In January 2006, New York State aborted the sale of the property. Outgoing parks commissioner Bernadette Castro persuaded other state officials to transfer most of the hospital property to her agency. The plan called for 368 acre to be added to Nissequogue River State Park. This also occurred in 2006 and approximately 90 percent of the campus is now part of the park. Part of the plan also included the demolition of 15 particularly dilapidated buildings, as well as unused access roads.

Demolition work on the 15 condemned buildings, scheduled to begin in May 2012, was pushed back to July. In late 2012, the state government ordered the removal of the buildings. On August 13, 2012, demolition of Building 123 (Group 2) began. The next day, demolition of Cafe 56 began; it has since has been demolished, but by September only a few of the other buildings had been removed. The towering smokestack on the site was imploded on March 27, 2013. Building 23 was the last to be demolished in May 2013.
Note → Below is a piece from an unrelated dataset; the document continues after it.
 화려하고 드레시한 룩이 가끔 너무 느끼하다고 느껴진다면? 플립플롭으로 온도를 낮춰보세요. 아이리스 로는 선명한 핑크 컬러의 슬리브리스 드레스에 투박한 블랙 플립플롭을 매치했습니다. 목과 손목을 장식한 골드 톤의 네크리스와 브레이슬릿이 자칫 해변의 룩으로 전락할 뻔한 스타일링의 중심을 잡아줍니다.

From mid-2016 to early 2017, a second round of demolitions occurred at the site. The majority of these included smaller structures on the park side. Cottages 131, 133 & 134 were demolished in August 2016, and Building 135 & 142 were demolished in mid-September along with their respective steam tunnels. Cottages 130 and 132 are to remain at this time to be reused. Work continued into early 2017 with Buildings 44 and 89 removed in February of that year. Lastly, the water tank on Building 7 is set to be removed sometime in February 2017, in order to improve the look of the area for local residents who see it as an eyesore, however the prevalence of exterior graffiti on the rest of Building 7 and the majority of existing buildings still continue to remain an eyesore to the surrounding community and a nuisance attraction for trespassers and other illegal activities.
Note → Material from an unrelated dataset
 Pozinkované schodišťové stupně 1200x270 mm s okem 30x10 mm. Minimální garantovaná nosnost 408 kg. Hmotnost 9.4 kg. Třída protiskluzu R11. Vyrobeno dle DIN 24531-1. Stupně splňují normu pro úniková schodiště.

The former rail spur, abandoned in the late 1980s, was converted into part of a hike-bike trail in 2003. Pilgrim Psychiatric Center, which took the remaining patients from Kings Park, runs two group homes on the grounds.

==Notable people==
===Patients===
- John R. Buckmaster (1915–1983)
- Jim Clinton (1850–1921)
- Percy Crosby (1891–1964)
- West Funk (1841–1897)

===Staff===
- David J. Impastato (1903–1986)
- Olga Von Tauber (1907–2002)

== In popular culture ==
The 1995 movie Eyes Beyond Seeing, by director Daniel Robert Cohn, was filmed in KPPC's Building 136/137 (old medical/surgical unit) shortly after the building was closed down. The film also contained exterior shots of the famous Building 93 (The 13-story-tall geriatric/ambulatory building), in an attempt to convince viewers that the interior shots were done inside 93. The film starred Keith Hamilton Cobb as a mental patient claiming to be Jesus Christ, and also featured a cameo by Henny Youngman, in his final movie appearance before his death, as a mental patient claiming to be Henny Youngman.

In 2009, Blood Night: The Legend of Mary Hatchet, written and directed by Frank Sabatella, was released. The film tells one version of the urban legend in the form of a ghost story about a patient committed to KPPC.

Building 93 of the psychiatric center was a primary location in the 2010 feature film Peripheral Vision, a thriller from filmmaker Michael D. D'Andrea.

Kings Park: Stories from an American Mental Institution, a documentary by former patient Lucy Winer about the history and legacy of the facility, was released on DVD and theatrically in 2013.